2005-10-18

Privilégios 4

Questão prévia:
Quando aqui falo acerca dos alegados privilégios que alguma gente por aí anda a propalar que os juízes têm e afirmo que nada disso corresponde à verdade, a última coisa que pretendo é transmitir a ideia de que somos uns «desgraçadinhos» que não têm os privilégios que merecem.
Longe disso!
Desgraçados são os idosos que têm de sobreviver com uma pensão de € 150 por mês, ou ainda menos, e, por força de leis, mais do que injustas, verdadeiramente desumanas, ainda têm de se dirigir ao Tribunal para, em acções em que têm de provar que viveram um união de facto com uma pessoa que faleceu (e de quem, por coincidência, muitas vezes tiveram vários filhos… – nem aí escapam ao ónus de terem de propor uma acção contra a Segurança Social para provarem que houve união de facto e não meros encontros fortuitos com fins exclusivamente procriativos), verem reconhecido o direito a receberem mais uns cêntimos…
Ou quem está desempregado.
Ou quem recebe o salário mínimo e tem de sustentar uma família.
Quem é juiz, lida de muito perto com a miséria alheia.
Mais perto, seguramente, do que o titular de qualquer outro órgão de soberania.
Sabemos muito bem o que ela é.
O meu único intuito resume-se na ideia, que penso que todos aceitam, de que, se não tenho o proveito, também não quero ficar com a fama.

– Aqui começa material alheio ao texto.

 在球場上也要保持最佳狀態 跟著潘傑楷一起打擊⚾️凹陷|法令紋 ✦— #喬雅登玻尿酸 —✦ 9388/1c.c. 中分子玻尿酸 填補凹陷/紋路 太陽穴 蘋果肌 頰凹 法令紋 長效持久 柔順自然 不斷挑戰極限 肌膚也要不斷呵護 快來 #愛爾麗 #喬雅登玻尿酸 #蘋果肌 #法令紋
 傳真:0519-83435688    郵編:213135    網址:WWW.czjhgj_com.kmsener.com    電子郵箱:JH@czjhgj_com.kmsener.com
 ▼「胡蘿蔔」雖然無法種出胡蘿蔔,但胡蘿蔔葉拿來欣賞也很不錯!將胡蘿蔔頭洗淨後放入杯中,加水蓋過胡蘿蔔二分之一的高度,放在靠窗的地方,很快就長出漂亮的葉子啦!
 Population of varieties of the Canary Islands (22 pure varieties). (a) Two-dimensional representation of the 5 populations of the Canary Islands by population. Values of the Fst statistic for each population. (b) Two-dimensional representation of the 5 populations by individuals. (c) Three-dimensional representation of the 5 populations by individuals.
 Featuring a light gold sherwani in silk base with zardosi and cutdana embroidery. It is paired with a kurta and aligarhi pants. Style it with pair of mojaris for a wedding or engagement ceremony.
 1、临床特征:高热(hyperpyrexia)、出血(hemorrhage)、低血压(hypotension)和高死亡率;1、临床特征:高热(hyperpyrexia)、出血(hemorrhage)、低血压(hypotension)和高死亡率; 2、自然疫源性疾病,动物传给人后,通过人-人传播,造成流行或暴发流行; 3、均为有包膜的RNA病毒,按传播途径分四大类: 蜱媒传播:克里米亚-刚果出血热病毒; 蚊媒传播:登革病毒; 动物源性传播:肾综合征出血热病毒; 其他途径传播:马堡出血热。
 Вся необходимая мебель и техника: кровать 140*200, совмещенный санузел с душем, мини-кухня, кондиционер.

Aquilo que tenho, chega-me.
Mas não inventem!
Posto isto, vamos ao assunto.

Um dos privilégios que muito comentador profissional (nos tristes tempos que correm, dizer mal dos Juízes vende muitíssimo bem, pouco importando se aquilo que se diz não passa de uma reles mentira…) nos atribui são as casas de função.

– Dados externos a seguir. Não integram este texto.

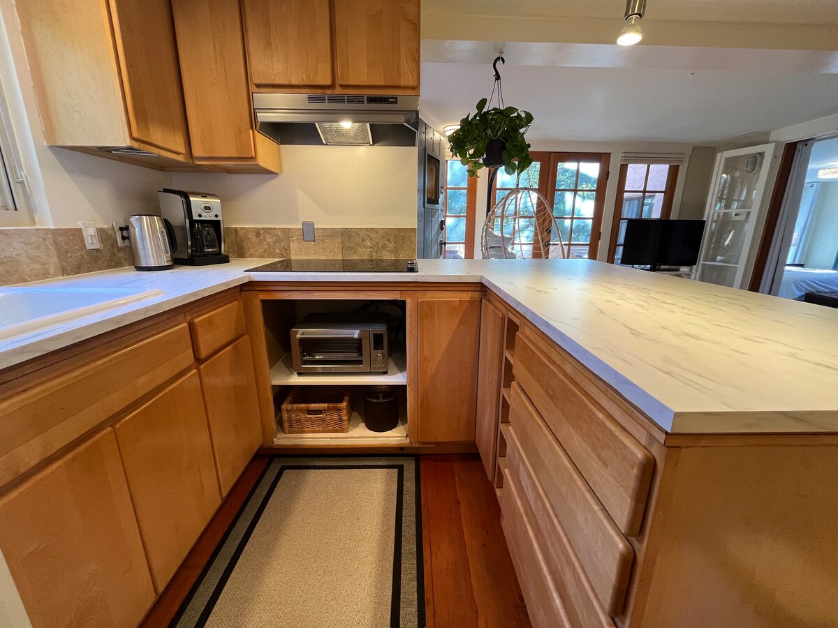 這間寬敞的單間公寓距離希臘劇院、加州大學伯克利分校、伯克利市中心和BART)、Chez Panisse和屢獲殊榮的餐廳、LBL等僅幾分鐘路程,全天自然光線充足。面對我們鄰居的院子,您甚至可以看到野生動物經過。 配有加大雙人床、壁爐暖氣、漂亮的浴室、衣櫃、坐式/站式辦公桌、Keurig、電視和自己的入口,無論您是因商或度假,都可以舒適入住!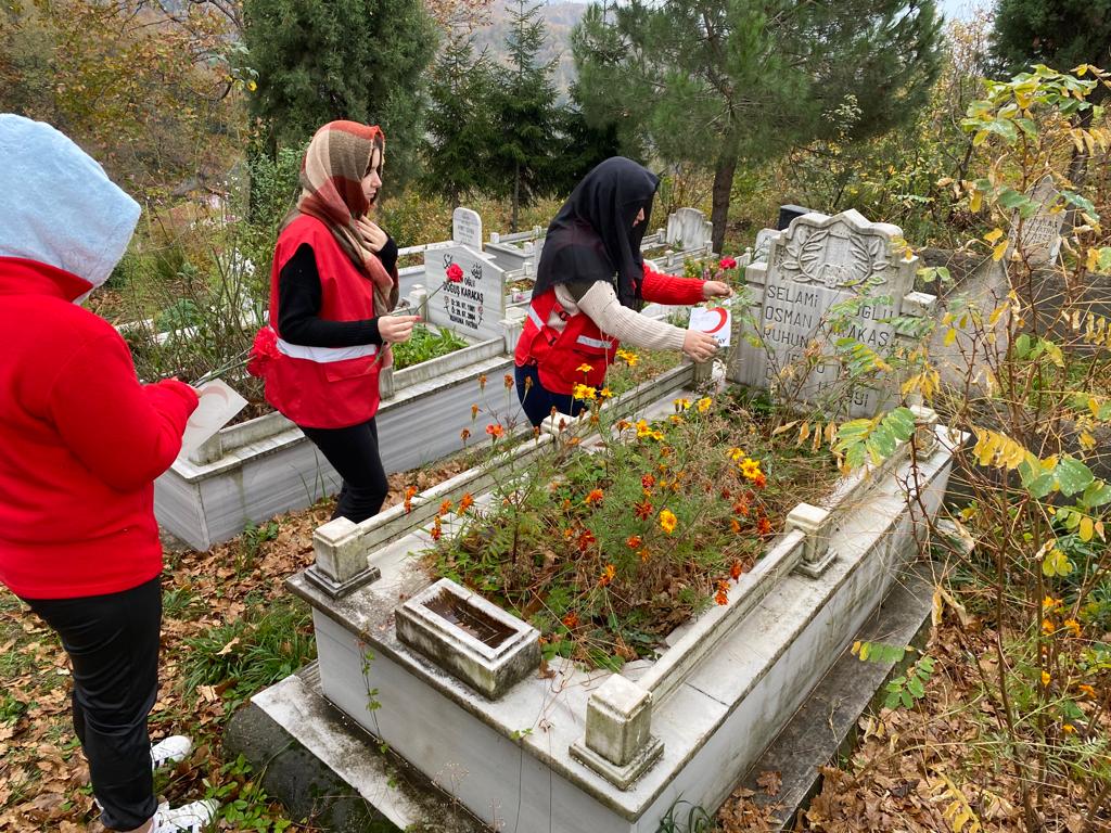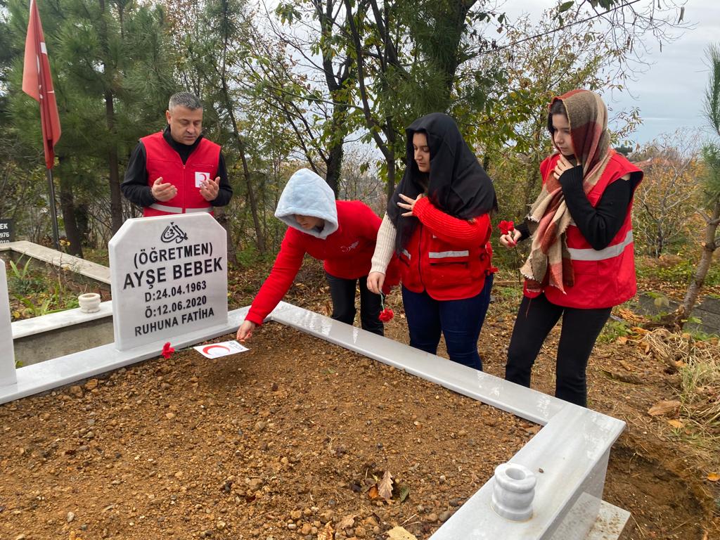 Türk Kızılay'ı Kilimli Şubesi Başkanı Hakan Çakır ve beraberindeki Kızılay gönüllüleri ile birlikte 24 Kasım Öğretmenler Günü münasebetiyle hayatını kaybetmiş öğretmenlere anlamlı ve bir o kadarda değerli ziyaret gerçekleştirdi.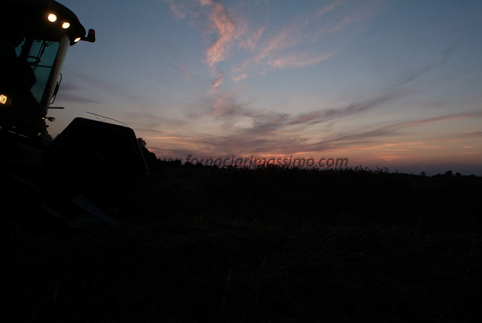 cereali frumento, trebbiatura al tramonto

Dizem que somos uns privilegiados porque, não só recebemos o vencimento, como ainda temos direito a casa gratuita.
Eu nem sequer vou perder muito tempo a descrever o estado de degradação das casas de função que o Estado nos reserva.
Ninguém acreditaria!
Muitas delas estão, pura e simplesmente, inabitáveis.
Entrei numa em que não havia uma peça de mobília inteira. Uma única! Nem uma simples cadeira!
Entrei numa outra em que chovia abundantemente em dois sítios – na sala, junto à lareira, e em cima de uma cama… cujo colchão estava, obviamente, repleto de bolor, cujo cheiro nauseabundo se estendia a toda a casa!
Tinta? É coisa que as paredes da generalidade das casas de função não vêm há muitos anos.
Se atribuíssem muitas dessas casas a famílias carenciadas, a título de habitação social, elas teriam toda a razão em reclamar.
E chamariam, de certeza, os actuais verdadeiros justiceiros do meu País: as televisões. Havia de ser o bom e o bonito nos telejornais…
Deixo aqui uma sugestão.
Que um jornalista a sério, daqueles que, com coragem, competência e independência, ainda honram a sua profissão, faça uma reportagem sobre este tema.
Visite casas de função destinadas a Juízes (e, já agora, a Magistrados do Ministério Público), se estiverem desabitadas – é assim que aqueles as encontram quando lhes são atribuídas.
Mas apareça de surpresa, pedindo autorização no próprio dia da visita, para não dar tempo, ao Estado, para preparar um andar-modelo!
E visite todas as de cada comarca que estejam desabitadas, pois, se pedir para visitar só uma, mostram-lhe a menos má.
Depois, vamos ver quem está a dizer a verdade.